SUPPLIED MATERIAL section start

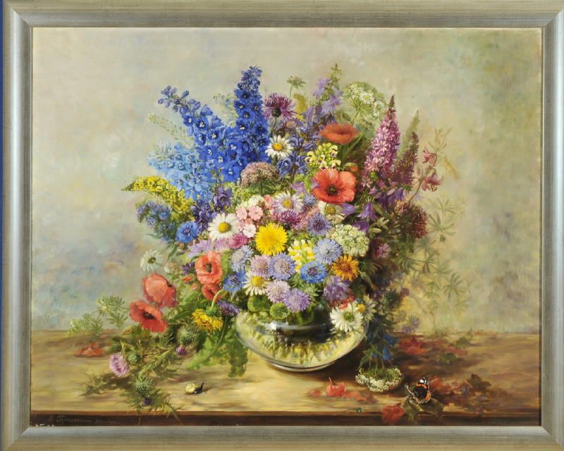 Luise Thomassin ( 1800 - 1900 ) was a German painter. Luise Thomassin s works have been auctioned off multiple times, with realized prices varying according to the size and medium of the artwork, for instance of 1136.36 USD for Blumenstilleben mit Astern, Mimosen, Disteln und Beeren in einem Kupfertopf in 2004
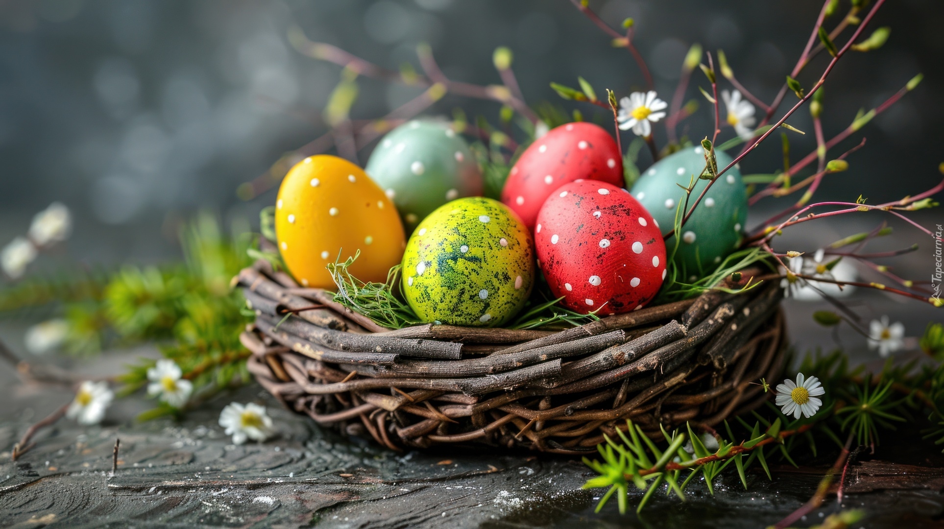 Edytor tapety: Białe drobne kwiaty obok kolorowych pisanek w gniazdku
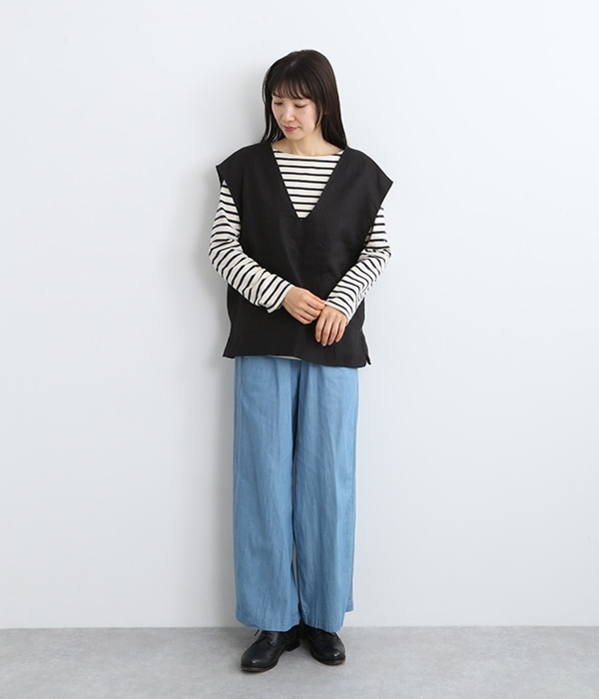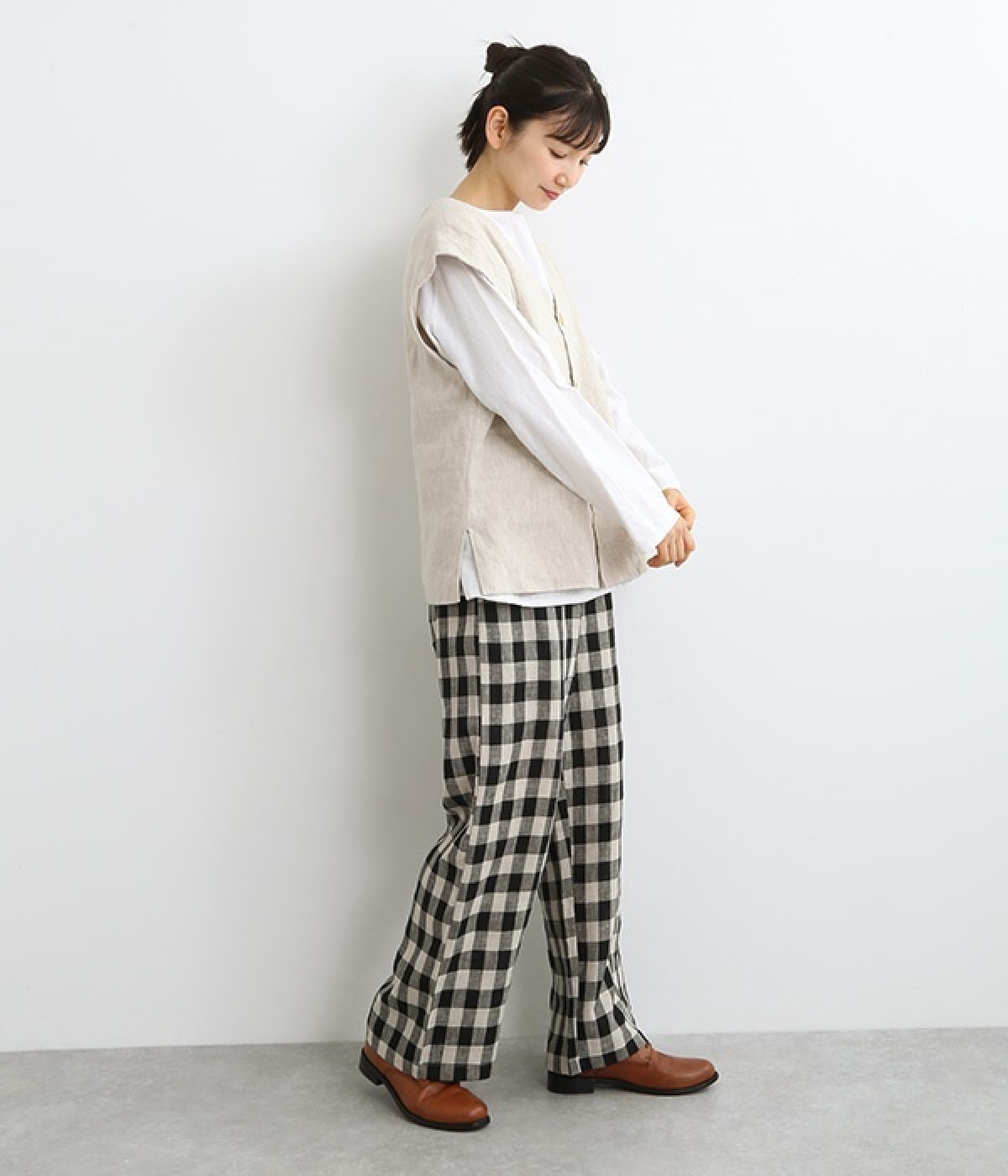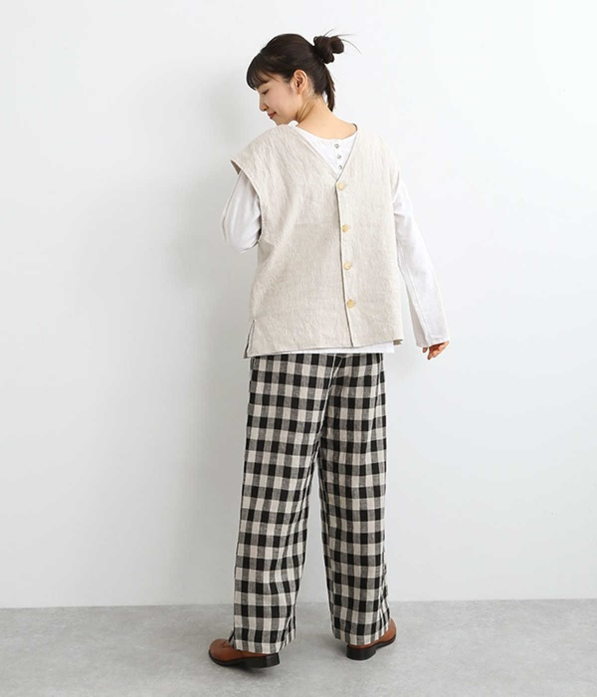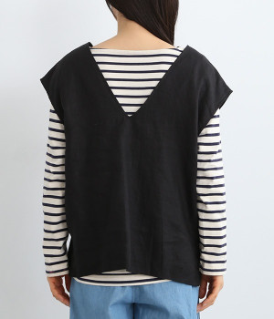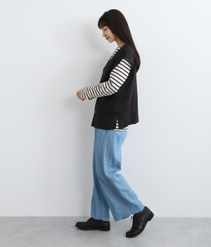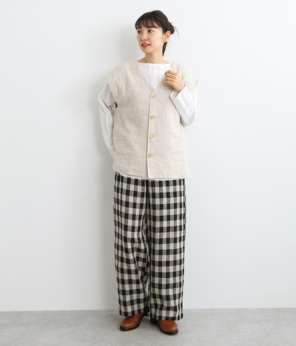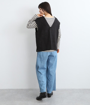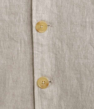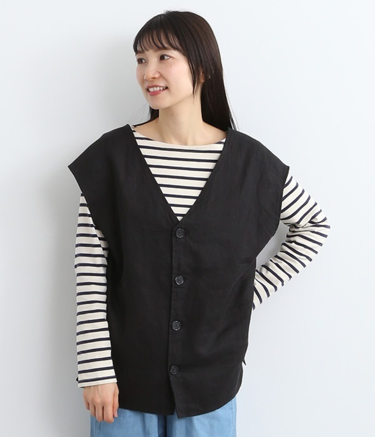 ナチュラルな風合いと洗いざらしのようなふくらみ感が魅力の、9番手リネンのベストです。ゆったりと開いたVネックと、少し肩先にかかる袖丈がリラクシーな雰囲気をかもしだします。シンプルなVネック面とボタン開きのVネック面、どちらをフロントにしても着用できる2WAYタイプ。生地のすべりを促す裏地をつけて、仕立ての良さも感じさせるつくりも◎。重ねたトップスの柄の存在感を和らげたり、同じ色みのワンピースを合わせて奥行き感を出したりと、スタイリングの印象を変えるのに便利です。

SUPPLIED MATERIAL section end

With pictures left out, transcribe each line from the one containing "Edytor tapety: Białe" through the end of the data, both ends included.

 Edytor tapety: Białe drobne kwiaty obok kolorowych pisanek w gniazdku
 ナチュラルな風合いと洗いざらしのようなふくらみ感が魅力の、9番手リネンのベストです。ゆったりと開いたVネックと、少し肩先にかかる袖丈がリラクシーな雰囲気をかもしだします。シンプルなVネック面とボタン開きのVネック面、どちらをフロントにしても着用できる2WAYタイプ。生地のすべりを促す裏地をつけて、仕立ての良さも感じさせるつくりも◎。重ねたトップスの柄の存在感を和らげたり、同じ色みのワンピースを合わせて奥行き感を出したりと、スタイリングの印象を変えるのに便利です。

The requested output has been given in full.